[Data extracted from a collection]
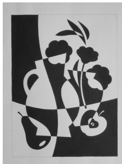
Пример выполнения задания №7: Оверлеппинг и его роль в композиции
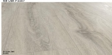
Dillon Oak P1001
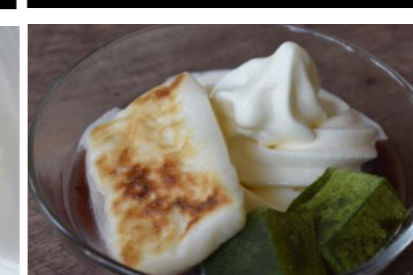
20 Chilled OSHIRUKO with ice cream 冷やしおしるこアイス添え ¥600
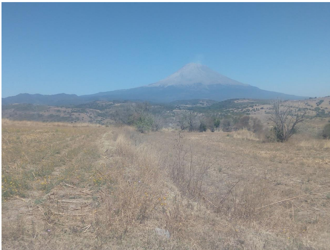
Ilustración 5 Al suerte del poblado en el área que los locales conocen como Teputzco, es un gran llano caracterizado por tener una tierra amarilla, con cualidades barrosa, el suelo se compacta con facilidad y es duro, sin embargo no impide la actividad agrícola. En el invierno cambia el paisaje a tonalidades amarillentas, opacas y grisácea, el clima es frío y muy seco.

Entre los terrenos destinados al cultivo se distinguen aquellos que cuentan con riego, por ejemplo los espacios conocidos como Rancho y Alaila; de los que carecen de este tipo de acceso a canales de agua que se extrae del subsuelo.
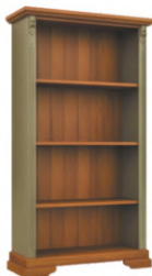
FOTO DO PRODUTO: TAMPO, PRATELEIRAS, BASE E FUNDO EM TR001.CORPO EM TR055. PICTURE UNIT: TOPSHELVES, BASE AND BACKGROUND IN TR001. FRAME IN TR055. FOTO DEL PRODUCTO: TABLERO, ESTANTERÍAS, BASE Y ANTECEDENTES DE TR001.CUERPO DE TR055.

CxPxA / medidas em mm LxDxH / measures in mm CxPxA/ medidas em mm
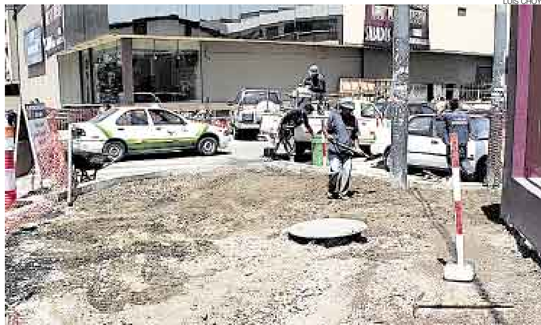
OBRA. Se reabrió el tránsito en la avenida Arequipa, pero falta señalar la pista y completar el resane de veredas.

■ Por ahora solo pasan vehículos particulares por las primeras once cuadras de la arteria
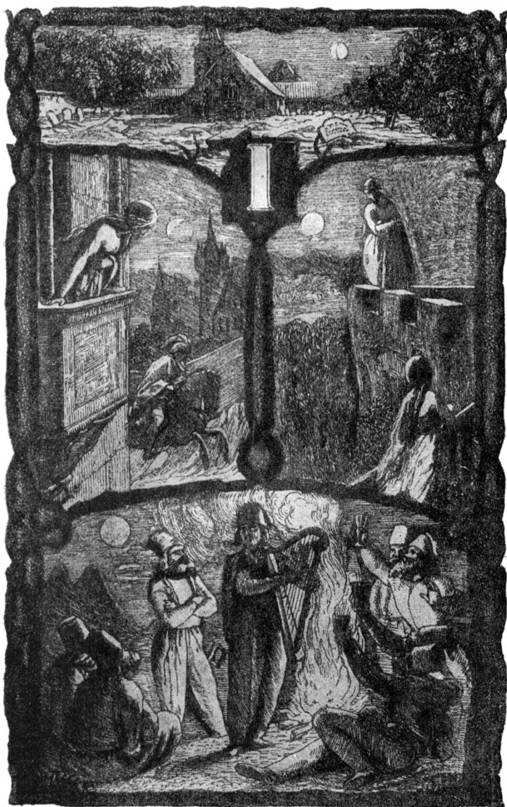
Фронтиспис первого тома пятого издания «Стихотворений» Жуковского (1849).
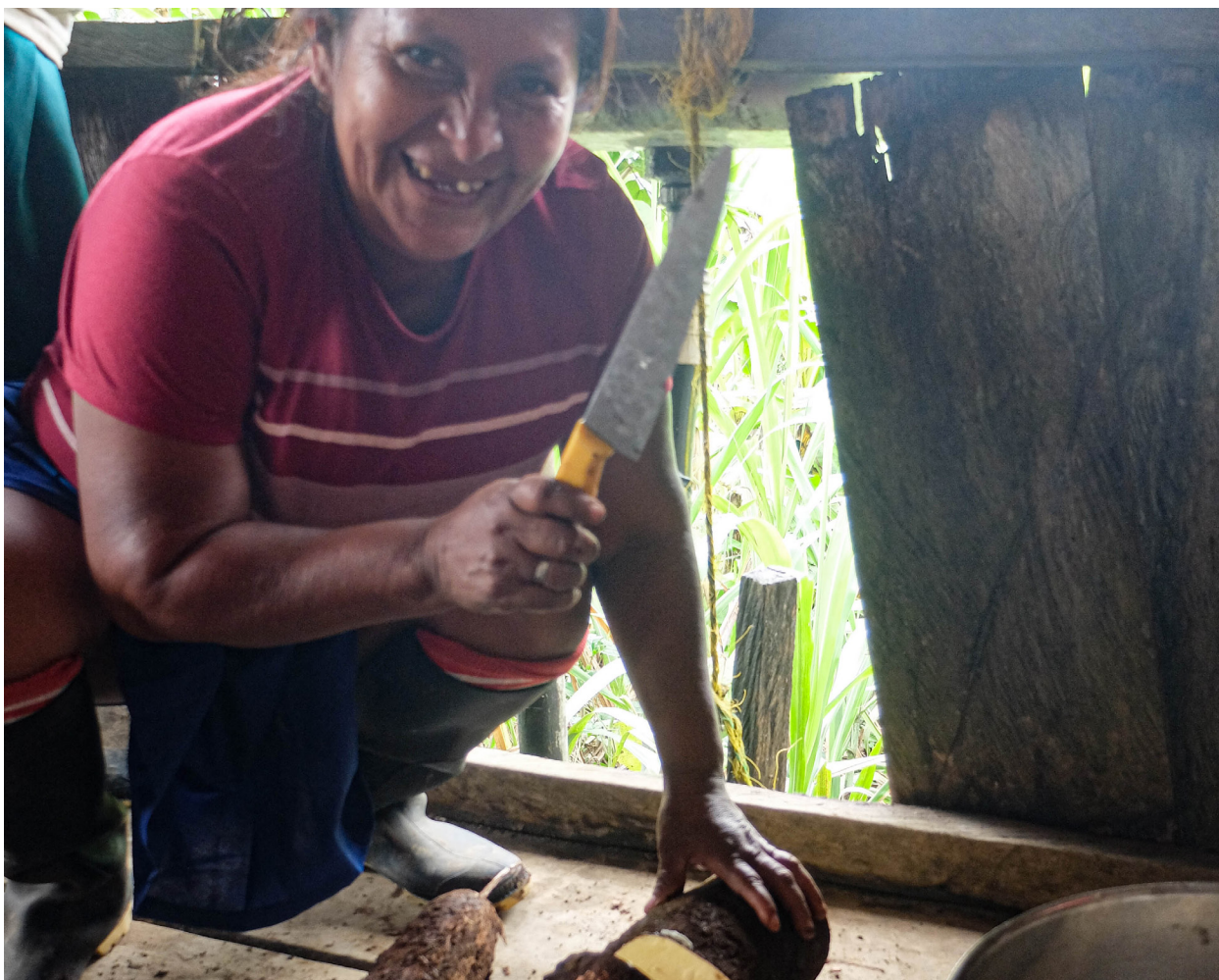
“Mujer pelando yuca de cosecha propia en el Resguardo Cuasambi”. Enero 2022.

La contaminación ambiental está causando enfermedades y desplazamientos lo que beneficia a los narcotraficantes que se están apropiando del territorio awá y expandiendo el monocultivo de coca y aumentando la instalación de válvulas, mangueras y piscinas, situación que afecta la pervivencia del pueblo awá y el delicado ecosistema del pacífico nariñense.
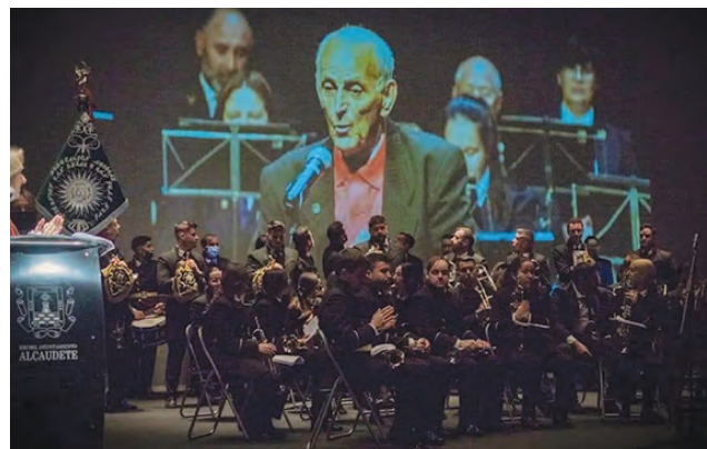
La Banda de San Elías participó en el encuentro.
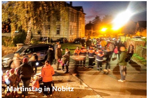
Martinstag in Nobitz
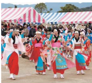
▲前回の披露の様子

土谷浮立と同様に夏休み期間中に稽古が行われ、地区住民らにより保存・伝承の取り組みが行われています。
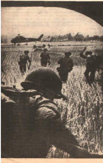
Türk topraklarında Amerikan askerleri, Türk yöneticilerini haberi olmadan her istisnalarla süpürdüler
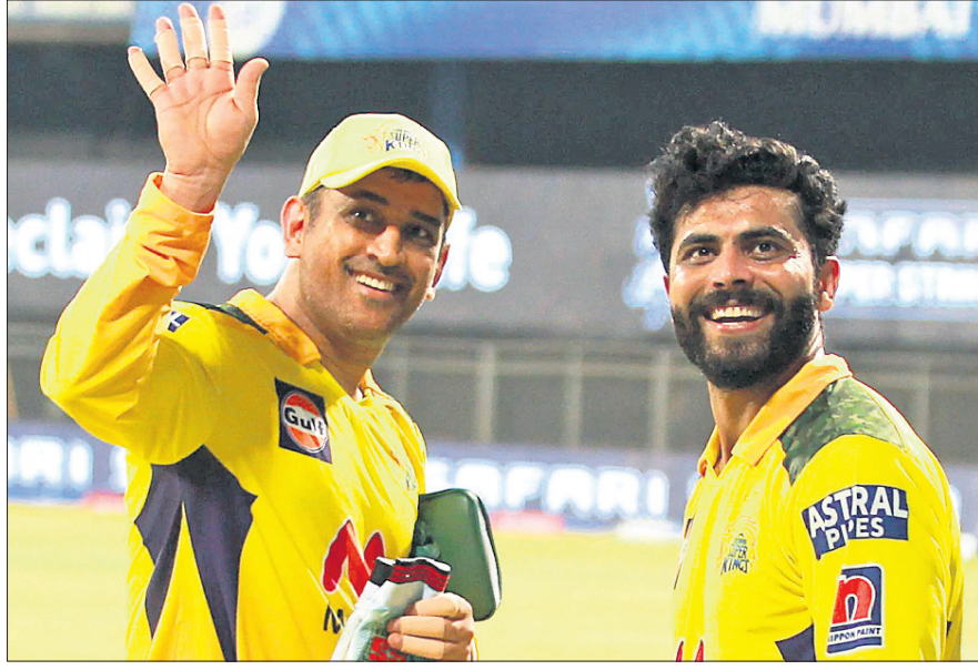
ମହେନ୍ଦ୍ର ସିଂ ଧୋନୀ ଓ ରବୀନ୍ଦ୍ର ଜାତେଜା ।
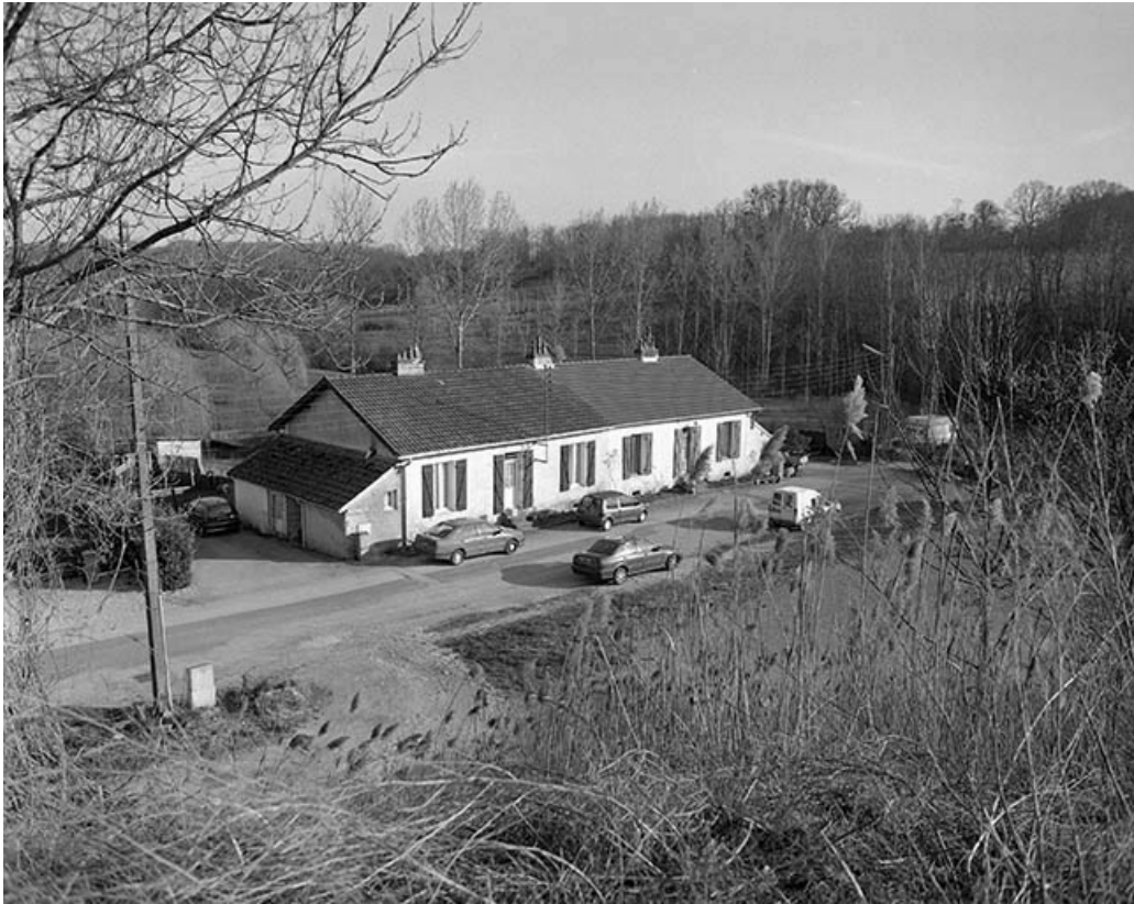
Logement d'ouvriers (19 rue des Saulniers).

25, Miserey-Salines, lieudit : aux Salines
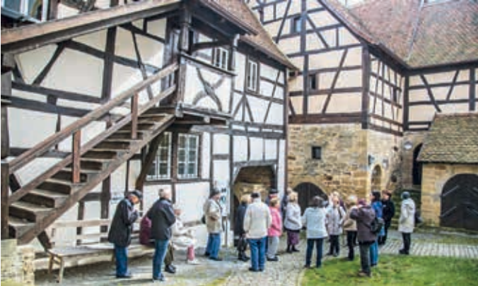
Der Seniorenkreis am 15. März im Kirchenburg-Museum Mönchsondheim.

Auch im Jahr 2018 wurden unsere Fahrten von Schutzengeln begleitet. „Gott hat seinen Engeln befohlen, dass sie uns bewahren auf allen unseren Wegen“ (Psalm 91,11). Deshalb sind wir dankbar, alle Fahrten glücklich und wohlbehütet überstanden zu haben.

### HOW TO COMPLETE THIS TASK
Word for word, return all the entries and skip their pictures.

### SOLUTION FOR THIS EXERCISE
Пример выполнения задания №7: Оверлеппинг и его роль в композиции
Dillon Oak P1001
20 Chilled OSHIRUKO with ice cream 冷やしおしるこアイス添え ¥600
Ilustración 5 Al suerte del poblado en el área que los locales conocen como Teputzco, es un gran llano caracterizado por tener una tierra amarilla, con cualidades barrosa, el suelo se compacta con facilidad y es duro, sin embargo no impide la actividad agrícola. En el invierno cambia el paisaje a tonalidades amarillentas, opacas y grisácea, el clima es frío y muy seco.

Entre los terrenos destinados al cultivo se distinguen aquellos que cuentan con riego, por ejemplo los espacios conocidos como Rancho y Alaila; de los que carecen de este tipo de acceso a canales de agua que se extrae del subsuelo.
FOTO DO PRODUTO: TAMPO, PRATELEIRAS, BASE E FUNDO EM TR001.CORPO EM TR055. PICTURE UNIT: TOPSHELVES, BASE AND BACKGROUND IN TR001. FRAME IN TR055. FOTO DEL PRODUCTO: TABLERO, ESTANTERÍAS, BASE Y ANTECEDENTES DE TR001.CUERPO DE TR055.

CxPxA / medidas em mm LxDxH / measures in mm CxPxA/ medidas em mm
OBRA. Se reabrió el tránsito en la avenida Arequipa, pero falta señalar la pista y completar el resane de veredas.

■ Por ahora solo pasan vehículos particulares por las primeras once cuadras de la arteria
Фронтиспис первого тома пятого издания «Стихотворений» Жуковского (1849).
“Mujer pelando yuca de cosecha propia en el Resguardo Cuasambi”. Enero 2022.

La contaminación ambiental está causando enfermedades y desplazamientos lo que beneficia a los narcotraficantes que se están apropiando del territorio awá y expandiendo el monocultivo de coca y aumentando la instalación de válvulas, mangueras y piscinas, situación que afecta la pervivencia del pueblo awá y el delicado ecosistema del pacífico nariñense.
La Banda de San Elías participó en el encuentro.
Martinstag in Nobitz
▲前回の披露の様子

土谷浮立と同様に夏休み期間中に稽古が行われ、地区住民らにより保存・伝承の取り組みが行われています。
Türk topraklarında Amerikan askerleri, Türk yöneticilerini haberi olmadan her istisnalarla süpürdüler
ମହେନ୍ଦ୍ର ସିଂ ଧୋନୀ ଓ ରବୀନ୍ଦ୍ର ଜାତେଜା ।
Logement d'ouvriers (19 rue des Saulniers).

25, Miserey-Salines, lieudit : aux Salines
Der Seniorenkreis am 15. März im Kirchenburg-Museum Mönchsondheim.

Auch im Jahr 2018 wurden unsere Fahrten von Schutzengeln begleitet. „Gott hat seinen Engeln befohlen, dass sie uns bewahren auf allen unseren Wegen“ (Psalm 91,11). Deshalb sind wir dankbar, alle Fahrten glücklich und wohlbehütet überstanden zu haben.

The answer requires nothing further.